Similarly, the Python docs for sys.stdin, sys.stdout, and sys.stderr say:

When interactive, the stdout stream is line-buffered. Otherwise, it is block-buffered like regular text files. The stderr stream is line-buffered in both cases. You can make both streams unbuffered by passing the -u command-line option or setting the PYTHONUNBUFFERED environment variable.

Be aware, however, that both of those particular languages provide mechanisms to change the buffering of the standard streams (or in the Python case, at least stdout and stderr).

MOREOVER, the above is relevant only if you are using streams (C) or File objects (Python). In C, this is what all of the stdio functions use -- printf(), fgets(), fwrite(), etc. -- but it is not what (say) the POSIX raw I/O functions such as read() and write() use. If you use raw I/O interfaces such as the latter then there is only whatever buffering you perform manually.
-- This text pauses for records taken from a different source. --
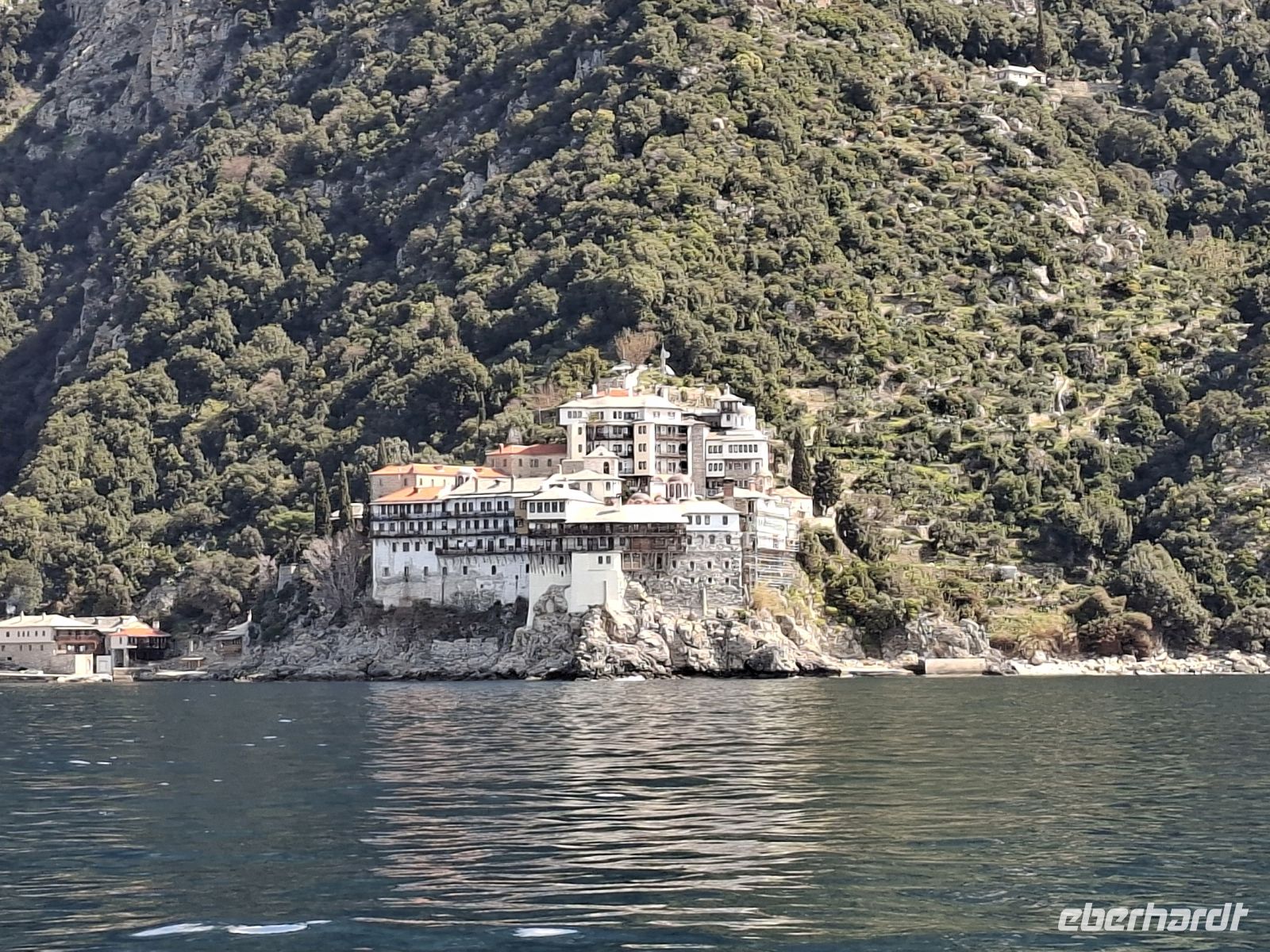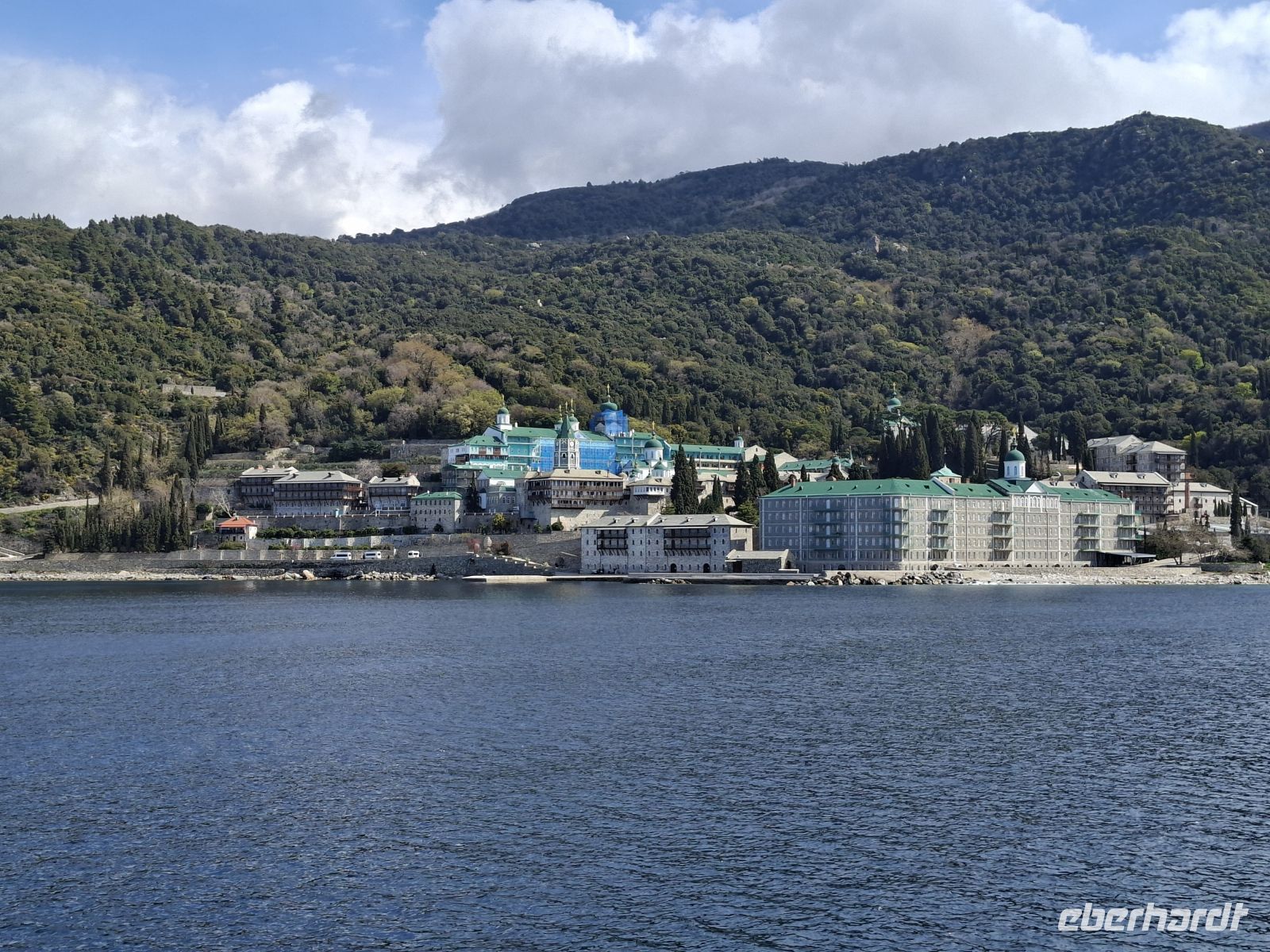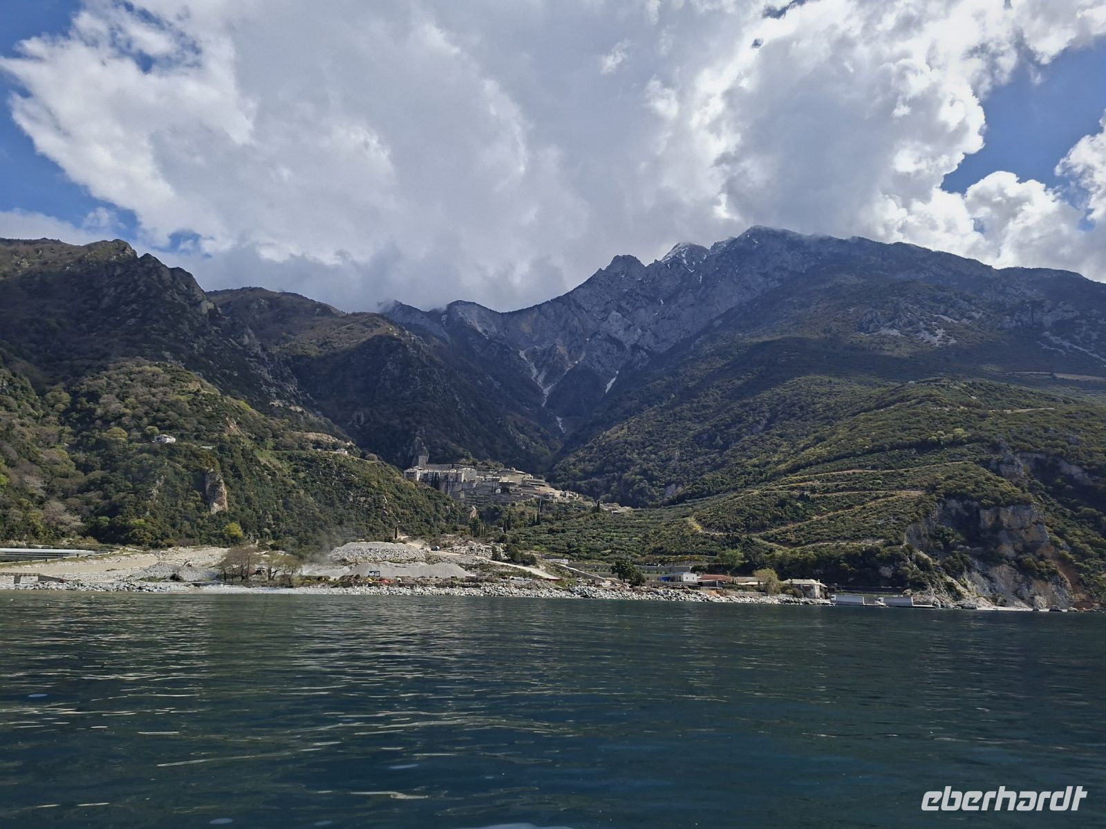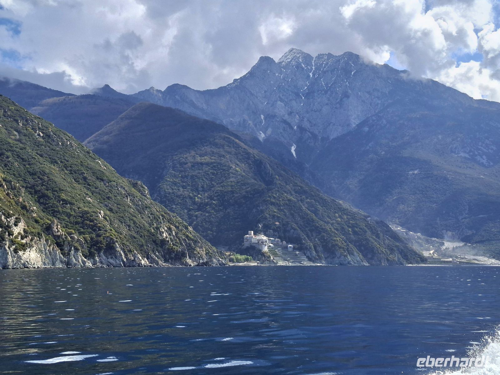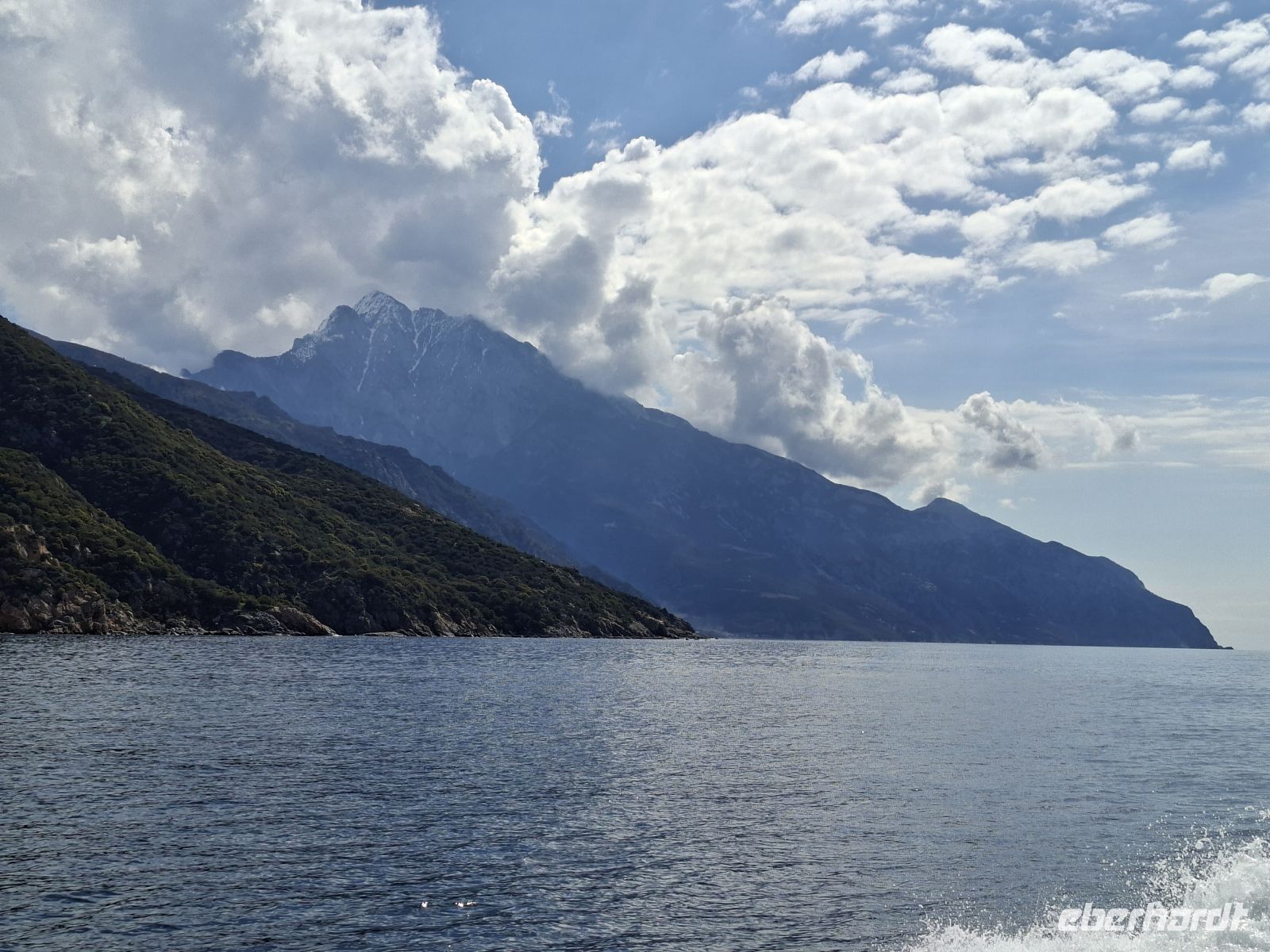 Am heutigen Tag entschied sich der Großteil unserer Reisegruppe für den fakultativen Ausflug zum Berg Athos. Früh am Morgen erwartete uns bereits ein griechischer Reisebus samt unserem freundlichen Fahrer Iordanis, der uns nach Ouranoupolis bringen sollte. Unser eigentlicher Busfahrer Andreas hatte aufgrund der gesetzlich geregelten Lenk- und Ruhezeiten einen wohlverdienten freien Tag. Die Fahrt führte uns erneut in östlicher Richtung durch die von Olivenhainen geprägte Landschaft bis an die Westküste des sogenannten „dritten Fingers“ der Halbinsel Chalkidiki. Währenddessen unterhielt uns Anastasia mit spannenden und zugleich unterhaltsamen Einblicken in die griechische Kaffeekultur. Etwa auf halber Strecke legten wir eine Pause an einer Konditorei ein, die neben Espresso und Frappé auch eine Vielzahl griechischer und internationaler Leckereien bereithielt. Frisch gestärkt setzten wir unsere Fahrt über Stavros bzw. entlang der landschaftlich reizvollen Ostuferstraße Chalkidikis fort und erreichten pünktlich Ouranoupolis, den Ausgangspunkt für unseren Schiffsausflug entlang der Küste der Mönchsrepublik Athos. Besonders für Frauen ist dies bis heute die einzige Möglichkeit, einen Blick auf die jahrhundertealten Klöster und Einsiedeleien zu werfen, da ihnen der Zutritt zur autonomen Mönchsrepublik weiterhin verwehrt ist. Aus diesem Grund hielt auch unser Schiff stets einen Mindestabstand von etwa 500 Metern zur Küste ein. Entgegen aller Prognosen zeigte sich das Wetter von seiner besten Seite: Ein angenehmer Mix aus Sonne und Wolken ermöglichte es uns sogar, die Außenplätze auf dem Schiff zu nutzen. Nach etwa 90 Minuten Fahrt entlang der Küste, vorbei an zahlreichen eindrucksvollen Klosteranlagen, erreichten wir schließlich den am südlichen Ende der Landzunge gelegenen Berg Athos. Der 2.033 Meter hohe Gipfel, der oft von Wolken verhüllt ist, präsentierte sich uns an diesem Tag überraschend klar und majestätisch. Nach knapp drei Stunden legten wir wieder im Hafen von Ouranoupolis an. Dort blieb uns ausreichend Zeit für ein entspanntes Mittagessen in einer der zahlreichen Tavernen sowie einen gemütlichen Spaziergang durch die engen, malerischen Gassen des Ortes. Am Nachmittag machten wir uns schließlich auf den Rückweg nach Thessaloniki, wo wir diesen wundervollen Tag bei einem schmackhaften Abendessen vom umfangreichen Buffet ausklingen ließen. Unterwegs holte uns dann schließlich doch noch der von den Meteorologen angekündigte Regen ein.
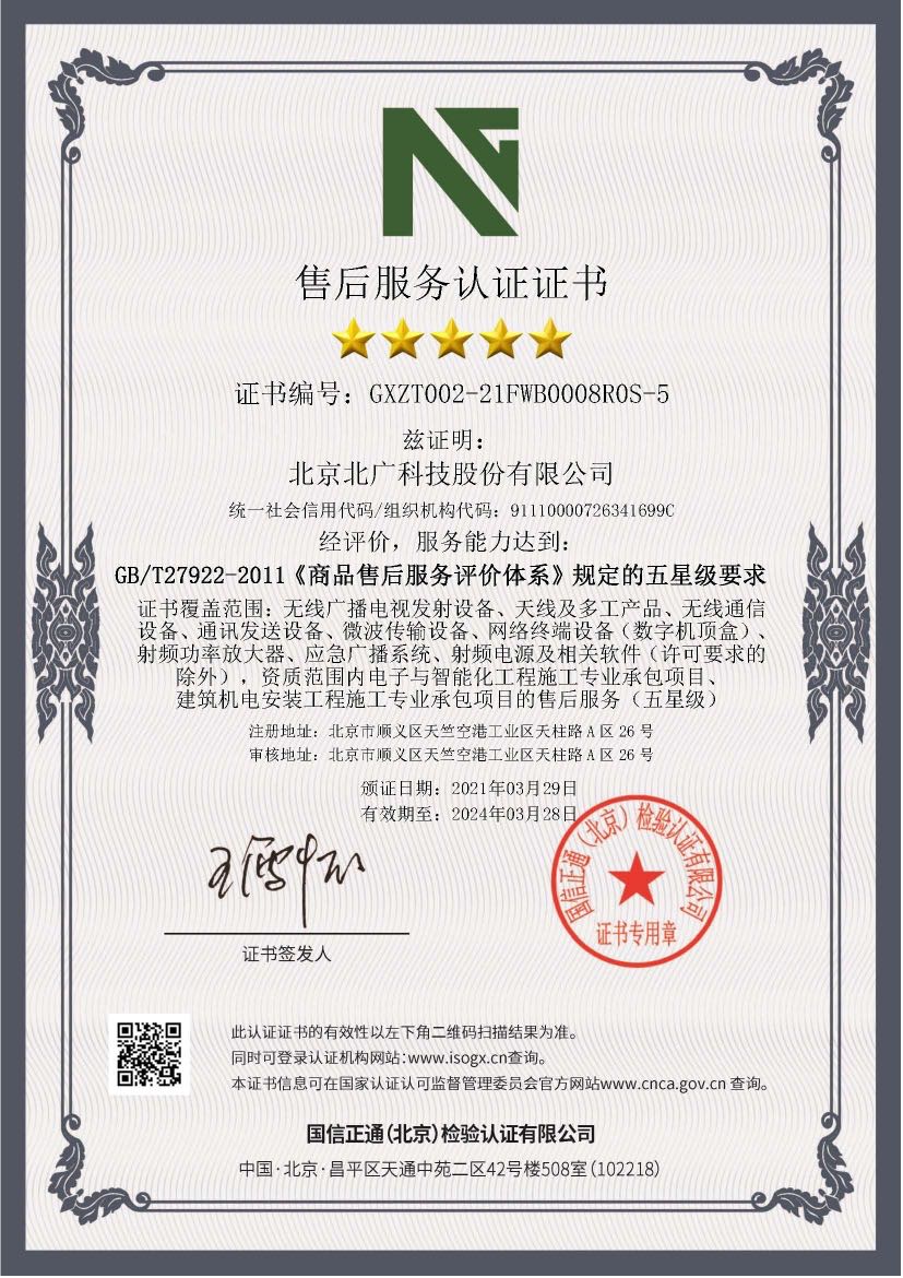 北廣科技一貫秉持“客戶無小事”的服務理念,不斷進取,不斷創新,力求為顧客創造更好的服務。近日,經國家認證認可監督管理委員會認可的權威認證機構嚴格評審,北廣科技順利通過售后服務體系審核,榮獲五星級售后服務認證證書。
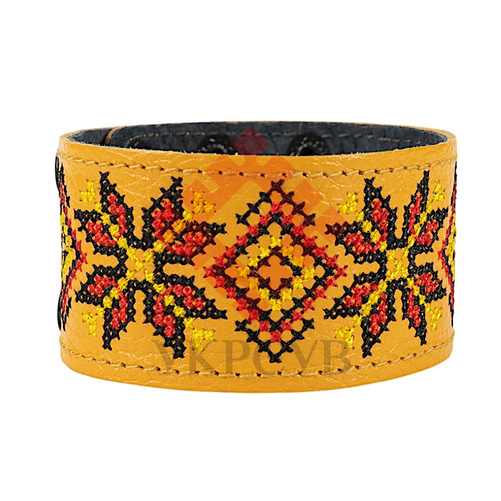 Браслет "Вишивка" (40 мм, жовтий, №07)Представляємо елегантний та стильний браслет "Вишивка", що поєднує в собі красу традиційних українських мотивів та сучасний дизайн. Цей аксесуар стане чудовим доповненням до вашого образу, додаючи йому унікальності та національного колориту. Браслет виготовлений з натуральної шкіри, що гарантує його високу якість, довговічність та комфортне носіння. Основа прикрашена яскравою та чіткою машинною вишивкою, виконаною з особливою увагою до деталей, що відтворює багаті орнаменти української вишивки. Кожен візерунок несе в собі глибокий символізм, роблячи браслет не просто прикрасою, а справжнім оберегом. Завдяки зручній застібці на кнопках, браслет легко одягається та надійно фіксується на зап'ясті. Ми подбали про те, щоб ви могли підібрати ідеальний розмір: браслет має кілька положень для регулювання обхвату. Цей браслет – ідеальний вибір для тих, хто цінує якість та бажає підкреслити свою індивідуальність. Він чудово поєднується як з повсякденним одягом, так і з більш вишуканим вбранням в етно-стилі. Характеристики:

Hence the question - because I was under the impression that the behaviour of stderr being buffered/unbuffered was decided and fixed by the OS

No. The OS (at least Unixes (including Mac) and Windows) does not perform I/O buffering on behalf of programs. Programming language implementations do, under some circumstances, and they are then in control of the details.

but apparently, code libraries free to implement their own behaviour ?

It's a bit more nuanced than that, but basically yes.

Can I hypothetically write a routine that writes to stdout without a buffer ?

Maybe. In C or Python, at least, you can exert some control over the buffering mode of the stdout stream. In C you can adjust it dynamically at runtime, but in Python I think the buffering mode is decided when Python starts.

You may also be able to bypass the buffer of a buffered stream by performing (raw) I/O on the underlying file descriptor, but this is extremely poor form, and depending on the details, it may produce undefined behavior.

Secondly, my understanding of the need for buffering is that: since disk access is slower than RAM access, writing individual bytes would be inefficient and thus bytes are written in blocks.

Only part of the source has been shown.